» Data in this exercise:
((
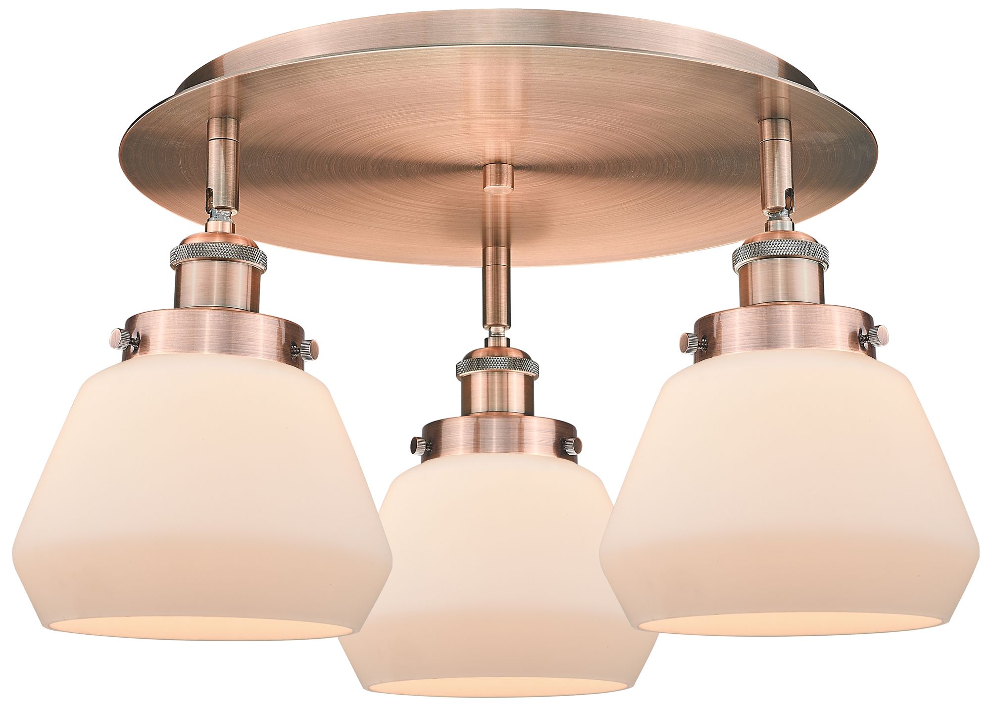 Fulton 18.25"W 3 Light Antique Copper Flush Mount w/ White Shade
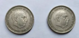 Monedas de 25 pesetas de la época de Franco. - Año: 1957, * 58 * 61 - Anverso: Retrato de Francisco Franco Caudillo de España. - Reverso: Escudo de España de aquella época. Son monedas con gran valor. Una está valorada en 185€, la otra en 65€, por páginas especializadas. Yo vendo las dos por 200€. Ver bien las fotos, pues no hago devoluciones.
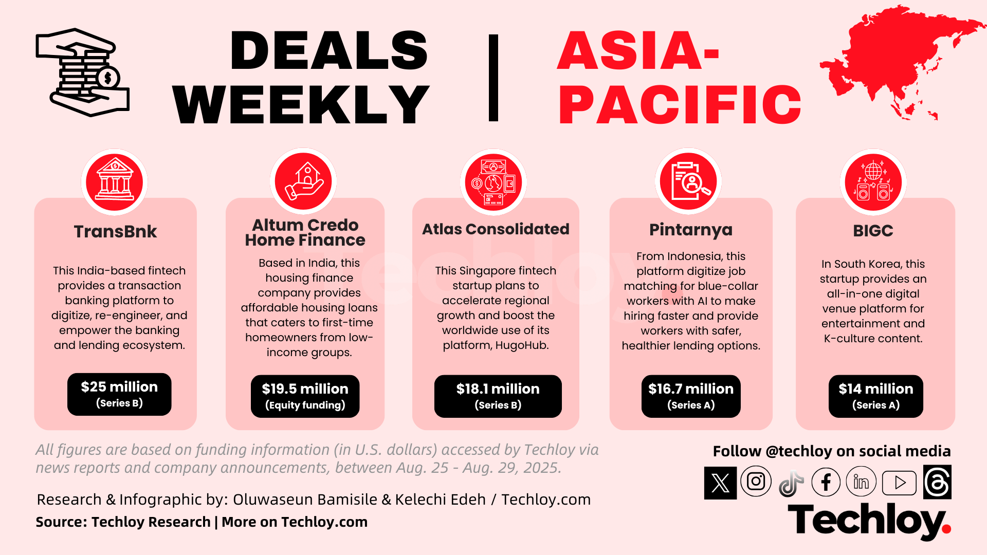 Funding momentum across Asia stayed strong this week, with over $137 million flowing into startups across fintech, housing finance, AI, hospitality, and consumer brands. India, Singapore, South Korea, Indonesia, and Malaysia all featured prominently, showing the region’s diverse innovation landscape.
))
((
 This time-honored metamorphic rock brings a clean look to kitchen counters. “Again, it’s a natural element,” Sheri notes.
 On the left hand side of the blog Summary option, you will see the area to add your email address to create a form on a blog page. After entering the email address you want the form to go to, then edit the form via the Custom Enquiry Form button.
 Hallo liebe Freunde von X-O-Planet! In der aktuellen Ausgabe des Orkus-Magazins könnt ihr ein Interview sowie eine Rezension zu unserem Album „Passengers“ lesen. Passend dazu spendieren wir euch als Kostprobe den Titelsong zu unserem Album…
))
» Task statement: Give again the stretch of the entries above that begins at the line with "w/ White Shade" and ends at the line with "Funding momentum across", word for word, with no pictures.

» Result of the exercise:
 Fulton 18.25"W 3 Light Antique Copper Flush Mount w/ White Shade
 Monedas de 25 pesetas de la época de Franco. - Año: 1957, * 58 * 61 - Anverso: Retrato de Francisco Franco Caudillo de España. - Reverso: Escudo de España de aquella época. Son monedas con gran valor. Una está valorada en 185€, la otra en 65€, por páginas especializadas. Yo vendo las dos por 200€. Ver bien las fotos, pues no hago devoluciones.
 Funding momentum across Asia stayed strong this week, with over $137 million flowing into startups across fintech, housing finance, AI, hospitality, and consumer brands. India, Singapore, South Korea, Indonesia, and Malaysia all featured prominently, showing the region’s diverse innovation landscape.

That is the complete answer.